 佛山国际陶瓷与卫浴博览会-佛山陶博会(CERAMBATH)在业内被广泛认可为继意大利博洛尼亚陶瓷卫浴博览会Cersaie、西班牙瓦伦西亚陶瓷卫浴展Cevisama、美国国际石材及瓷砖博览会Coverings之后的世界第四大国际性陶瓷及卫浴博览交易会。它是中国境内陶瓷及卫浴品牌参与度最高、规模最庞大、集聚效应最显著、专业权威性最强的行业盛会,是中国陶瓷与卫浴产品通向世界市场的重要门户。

==

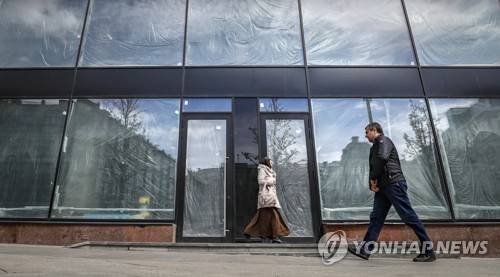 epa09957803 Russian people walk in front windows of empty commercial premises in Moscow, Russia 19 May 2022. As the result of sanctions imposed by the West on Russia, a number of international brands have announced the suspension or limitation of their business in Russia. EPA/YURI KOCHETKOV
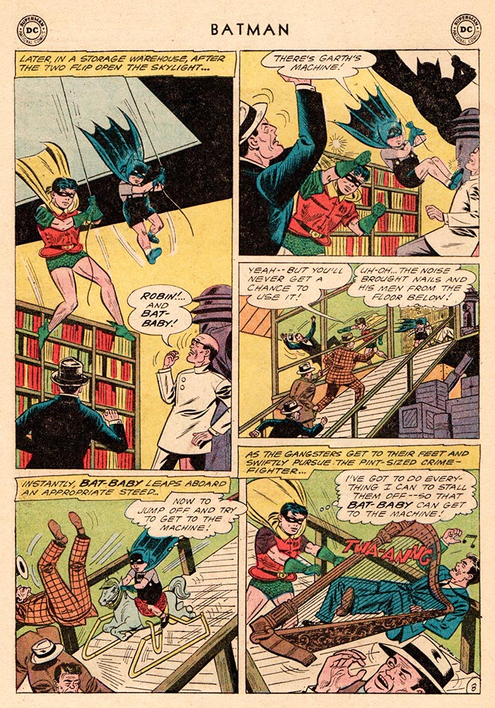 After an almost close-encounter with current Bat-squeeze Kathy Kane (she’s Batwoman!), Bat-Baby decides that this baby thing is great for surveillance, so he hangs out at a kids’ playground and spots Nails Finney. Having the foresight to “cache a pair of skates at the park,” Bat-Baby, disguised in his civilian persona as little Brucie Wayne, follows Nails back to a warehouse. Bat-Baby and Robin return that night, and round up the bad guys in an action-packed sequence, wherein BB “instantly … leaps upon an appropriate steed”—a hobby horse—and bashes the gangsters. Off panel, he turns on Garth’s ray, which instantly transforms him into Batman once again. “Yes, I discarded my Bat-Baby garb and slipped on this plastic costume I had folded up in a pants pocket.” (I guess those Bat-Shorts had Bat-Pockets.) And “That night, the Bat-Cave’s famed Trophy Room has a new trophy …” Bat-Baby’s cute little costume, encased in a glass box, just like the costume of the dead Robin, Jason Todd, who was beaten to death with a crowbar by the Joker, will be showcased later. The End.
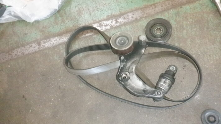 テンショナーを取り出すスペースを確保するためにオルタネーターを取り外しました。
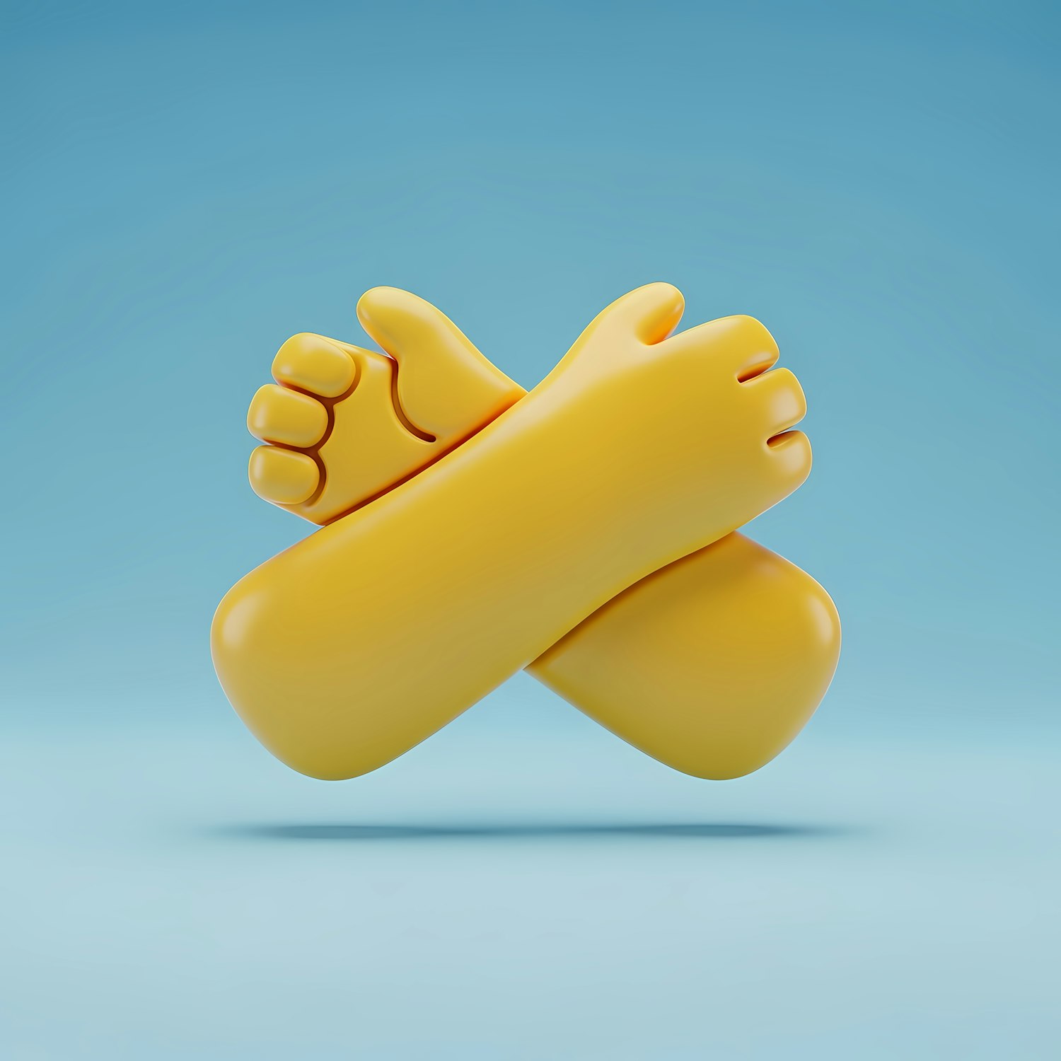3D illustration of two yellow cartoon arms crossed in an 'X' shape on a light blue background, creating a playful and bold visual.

> Task to carry out
Both boundary lines included, write out word for word only the lines above from the one containing "テンショナーを取り出すスペースを確保するためにオルタネーターを取り外しました。" to the one containing "3D illustration of", leaving out any pictures.

> Completed exercise
 テンショナーを取り出すスペースを確保するためにオルタネーターを取り外しました。
3D illustration of two yellow cartoon arms crossed in an 'X' shape on a light blue background, creating a playful and bold visual.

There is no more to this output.